## Source records:

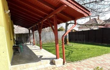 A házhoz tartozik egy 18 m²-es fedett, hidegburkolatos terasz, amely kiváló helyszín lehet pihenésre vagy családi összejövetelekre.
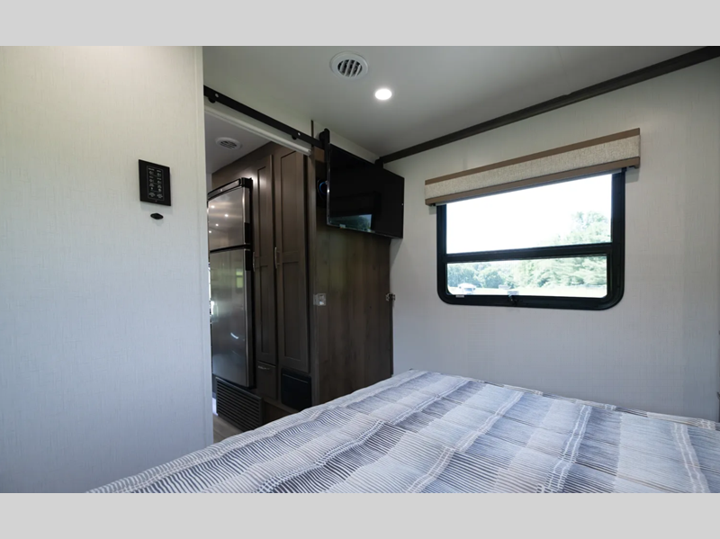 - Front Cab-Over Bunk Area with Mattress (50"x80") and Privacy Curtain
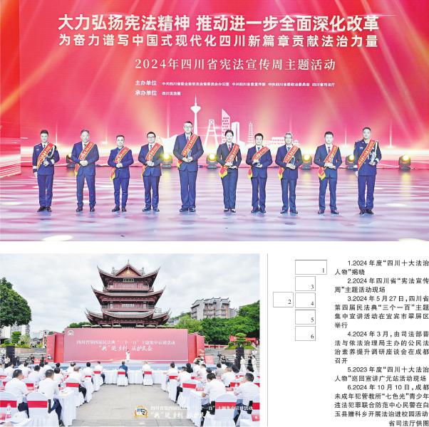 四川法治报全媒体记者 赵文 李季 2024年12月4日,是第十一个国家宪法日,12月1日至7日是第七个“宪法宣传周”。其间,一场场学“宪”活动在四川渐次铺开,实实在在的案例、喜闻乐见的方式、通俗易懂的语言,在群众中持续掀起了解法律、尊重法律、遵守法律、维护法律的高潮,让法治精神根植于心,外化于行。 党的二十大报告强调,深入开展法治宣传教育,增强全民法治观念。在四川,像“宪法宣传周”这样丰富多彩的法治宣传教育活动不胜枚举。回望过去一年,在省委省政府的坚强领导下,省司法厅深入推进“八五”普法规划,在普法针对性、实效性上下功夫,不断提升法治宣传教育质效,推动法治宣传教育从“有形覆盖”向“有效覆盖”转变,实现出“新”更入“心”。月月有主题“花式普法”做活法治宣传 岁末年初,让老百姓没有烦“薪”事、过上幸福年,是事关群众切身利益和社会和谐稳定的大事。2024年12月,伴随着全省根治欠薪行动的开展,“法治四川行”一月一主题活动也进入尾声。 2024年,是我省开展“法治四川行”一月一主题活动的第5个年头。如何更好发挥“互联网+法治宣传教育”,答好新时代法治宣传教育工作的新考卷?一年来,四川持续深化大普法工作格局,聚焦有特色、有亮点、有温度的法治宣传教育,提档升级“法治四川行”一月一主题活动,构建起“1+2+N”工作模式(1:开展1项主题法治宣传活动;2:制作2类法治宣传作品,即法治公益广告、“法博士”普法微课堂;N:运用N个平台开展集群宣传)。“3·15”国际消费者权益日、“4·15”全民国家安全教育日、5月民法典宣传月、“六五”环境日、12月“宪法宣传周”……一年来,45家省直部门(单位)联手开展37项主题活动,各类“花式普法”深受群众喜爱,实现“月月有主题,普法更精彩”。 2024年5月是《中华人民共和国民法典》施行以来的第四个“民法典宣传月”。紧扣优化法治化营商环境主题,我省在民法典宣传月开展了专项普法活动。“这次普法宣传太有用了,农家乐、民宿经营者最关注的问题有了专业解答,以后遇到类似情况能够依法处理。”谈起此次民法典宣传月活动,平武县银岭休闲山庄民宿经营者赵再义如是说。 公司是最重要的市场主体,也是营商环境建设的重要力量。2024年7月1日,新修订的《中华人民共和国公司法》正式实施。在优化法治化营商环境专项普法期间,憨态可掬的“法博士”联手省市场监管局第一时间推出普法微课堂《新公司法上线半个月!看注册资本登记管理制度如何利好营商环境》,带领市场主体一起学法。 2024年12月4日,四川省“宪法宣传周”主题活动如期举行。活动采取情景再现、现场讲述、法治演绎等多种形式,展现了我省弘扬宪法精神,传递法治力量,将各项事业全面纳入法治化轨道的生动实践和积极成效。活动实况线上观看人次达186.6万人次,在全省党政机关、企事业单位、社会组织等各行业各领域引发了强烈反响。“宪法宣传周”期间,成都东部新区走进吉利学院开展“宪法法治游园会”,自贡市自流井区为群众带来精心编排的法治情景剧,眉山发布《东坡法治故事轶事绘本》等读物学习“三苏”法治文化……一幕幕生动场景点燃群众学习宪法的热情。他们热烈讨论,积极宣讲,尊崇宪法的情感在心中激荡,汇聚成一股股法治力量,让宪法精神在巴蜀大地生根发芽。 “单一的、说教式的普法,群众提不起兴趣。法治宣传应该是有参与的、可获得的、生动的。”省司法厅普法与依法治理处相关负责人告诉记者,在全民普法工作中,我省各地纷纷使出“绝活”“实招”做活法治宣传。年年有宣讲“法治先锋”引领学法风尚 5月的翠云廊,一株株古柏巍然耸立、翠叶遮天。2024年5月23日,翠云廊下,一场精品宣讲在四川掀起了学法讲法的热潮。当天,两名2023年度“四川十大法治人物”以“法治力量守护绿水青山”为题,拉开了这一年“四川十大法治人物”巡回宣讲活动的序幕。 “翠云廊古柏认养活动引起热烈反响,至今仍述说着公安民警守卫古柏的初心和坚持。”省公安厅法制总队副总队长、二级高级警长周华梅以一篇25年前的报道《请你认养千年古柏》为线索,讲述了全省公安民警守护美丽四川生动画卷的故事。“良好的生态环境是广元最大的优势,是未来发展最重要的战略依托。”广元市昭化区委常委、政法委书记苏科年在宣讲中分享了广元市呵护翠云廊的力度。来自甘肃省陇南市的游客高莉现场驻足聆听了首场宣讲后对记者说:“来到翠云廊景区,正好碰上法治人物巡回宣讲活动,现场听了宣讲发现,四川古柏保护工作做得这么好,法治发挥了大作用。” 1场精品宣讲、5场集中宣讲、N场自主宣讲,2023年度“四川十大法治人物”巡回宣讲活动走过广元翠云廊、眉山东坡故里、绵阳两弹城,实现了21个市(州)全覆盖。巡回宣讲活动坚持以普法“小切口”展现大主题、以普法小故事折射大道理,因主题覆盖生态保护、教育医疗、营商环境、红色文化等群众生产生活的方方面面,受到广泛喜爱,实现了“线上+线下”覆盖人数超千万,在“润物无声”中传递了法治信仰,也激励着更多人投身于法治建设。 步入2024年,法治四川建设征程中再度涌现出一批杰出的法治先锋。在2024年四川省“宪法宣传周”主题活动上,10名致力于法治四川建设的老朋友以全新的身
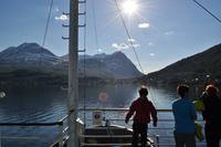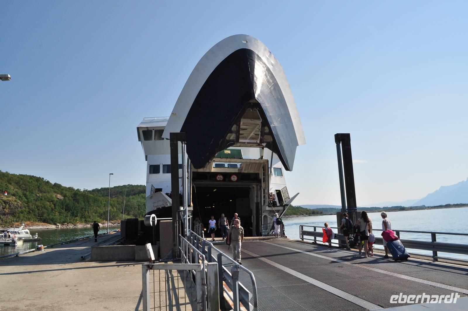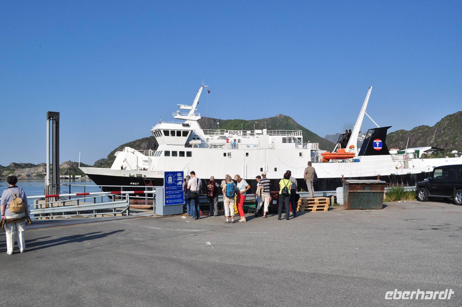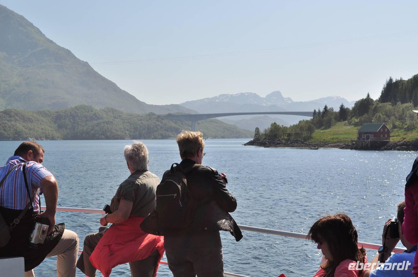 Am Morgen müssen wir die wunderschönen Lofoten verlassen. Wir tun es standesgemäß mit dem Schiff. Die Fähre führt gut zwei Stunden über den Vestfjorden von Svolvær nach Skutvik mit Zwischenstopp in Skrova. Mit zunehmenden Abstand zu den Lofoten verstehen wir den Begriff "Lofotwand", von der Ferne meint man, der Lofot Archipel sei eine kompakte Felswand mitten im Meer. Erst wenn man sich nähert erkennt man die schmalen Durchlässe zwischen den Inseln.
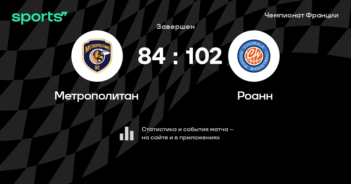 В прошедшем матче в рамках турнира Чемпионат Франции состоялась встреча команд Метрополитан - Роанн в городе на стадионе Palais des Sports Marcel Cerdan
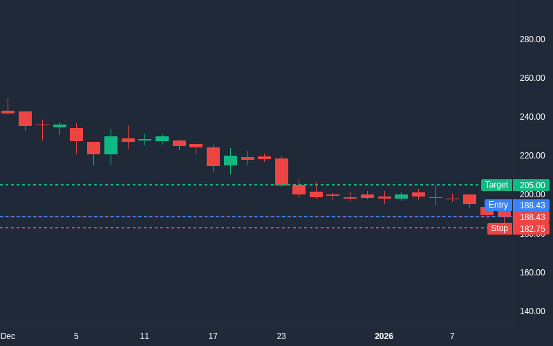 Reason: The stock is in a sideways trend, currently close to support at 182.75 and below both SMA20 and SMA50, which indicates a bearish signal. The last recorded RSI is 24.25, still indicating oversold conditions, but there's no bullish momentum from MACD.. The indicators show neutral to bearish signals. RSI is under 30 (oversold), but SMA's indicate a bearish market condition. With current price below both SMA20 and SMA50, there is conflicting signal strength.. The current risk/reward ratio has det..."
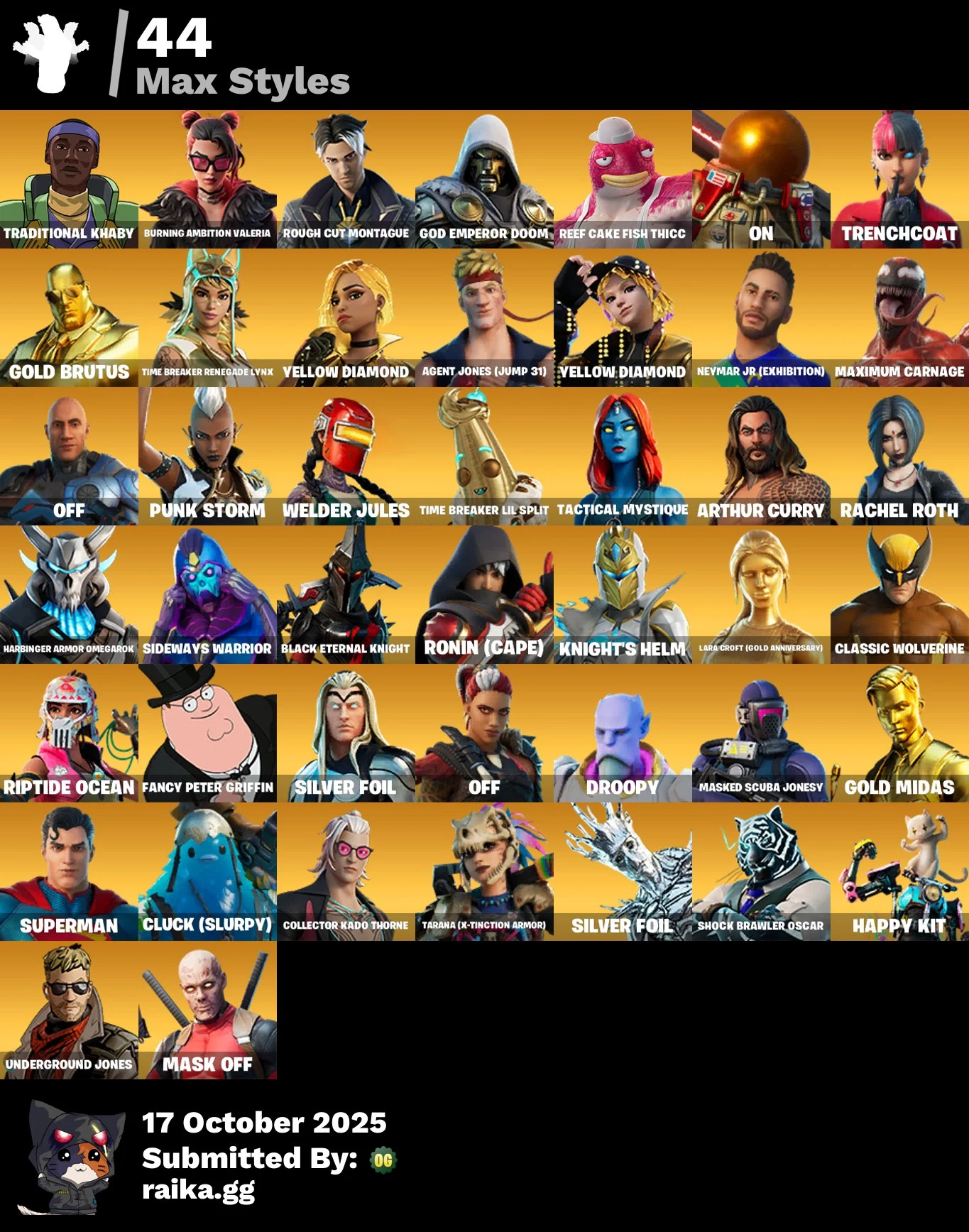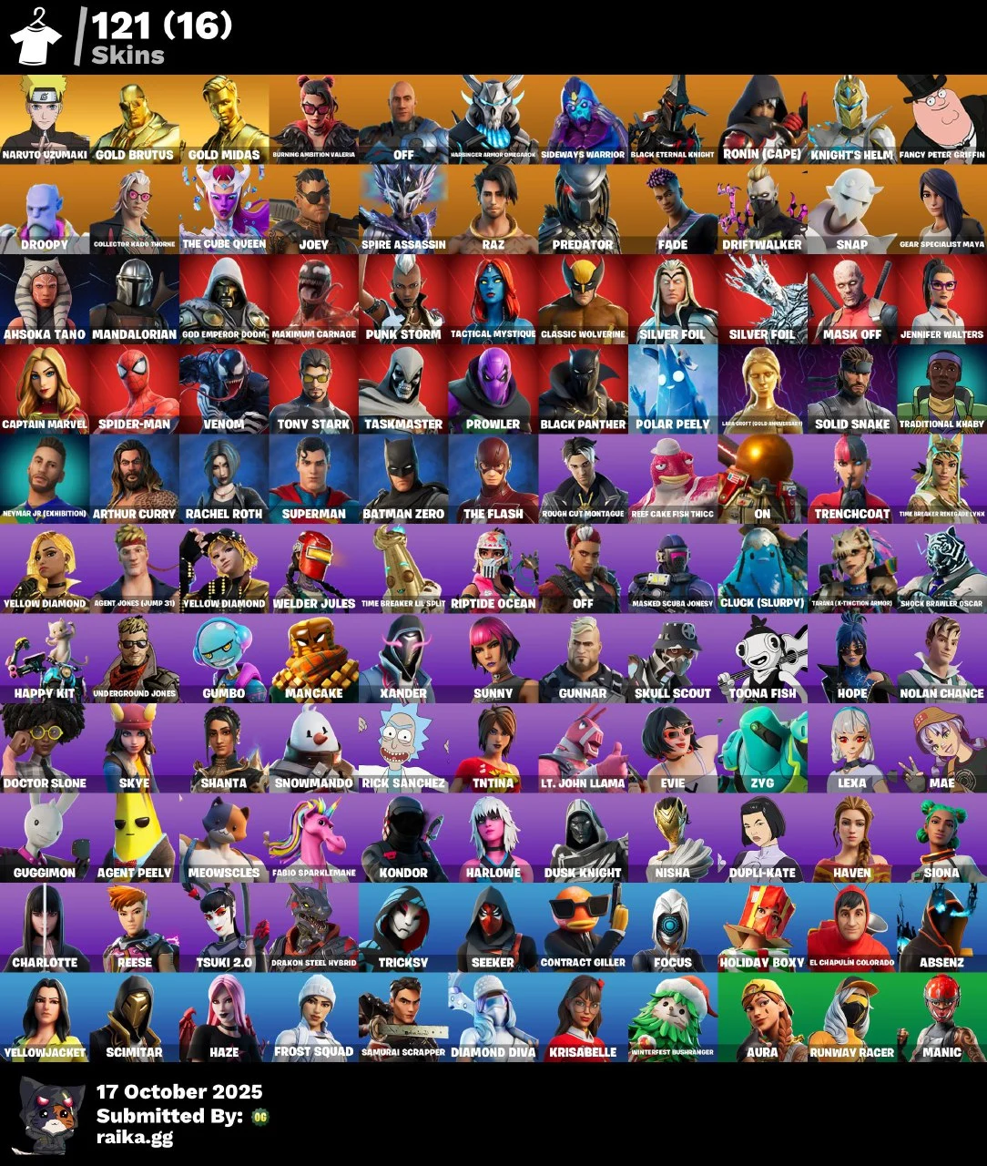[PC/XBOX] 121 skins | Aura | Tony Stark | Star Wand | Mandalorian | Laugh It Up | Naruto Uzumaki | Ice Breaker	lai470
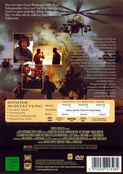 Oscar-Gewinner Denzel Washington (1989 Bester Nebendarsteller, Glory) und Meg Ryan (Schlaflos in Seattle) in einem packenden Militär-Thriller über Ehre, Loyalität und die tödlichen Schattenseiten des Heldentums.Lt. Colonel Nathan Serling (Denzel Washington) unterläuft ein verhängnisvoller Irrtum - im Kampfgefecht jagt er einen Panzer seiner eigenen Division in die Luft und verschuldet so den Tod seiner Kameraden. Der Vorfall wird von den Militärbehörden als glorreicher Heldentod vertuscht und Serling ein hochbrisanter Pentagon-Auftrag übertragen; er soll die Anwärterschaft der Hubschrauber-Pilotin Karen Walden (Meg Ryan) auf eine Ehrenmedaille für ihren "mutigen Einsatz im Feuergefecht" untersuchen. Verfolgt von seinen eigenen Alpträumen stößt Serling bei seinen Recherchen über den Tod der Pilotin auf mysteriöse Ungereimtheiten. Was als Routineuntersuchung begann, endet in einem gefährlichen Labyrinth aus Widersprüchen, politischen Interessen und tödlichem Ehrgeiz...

## TASK PROMPT:
Hand back the exact lines from the start of the entries to the line with "- Front Cab-Over", both ends kept and pictures left out.

## RESPONSE TO THE TASK:
 A házhoz tartozik egy 18 m²-es fedett, hidegburkolatos terasz, amely kiváló helyszín lehet pihenésre vagy családi összejövetelekre.
 - Front Cab-Over Bunk Area with Mattress (50"x80") and Privacy Curtain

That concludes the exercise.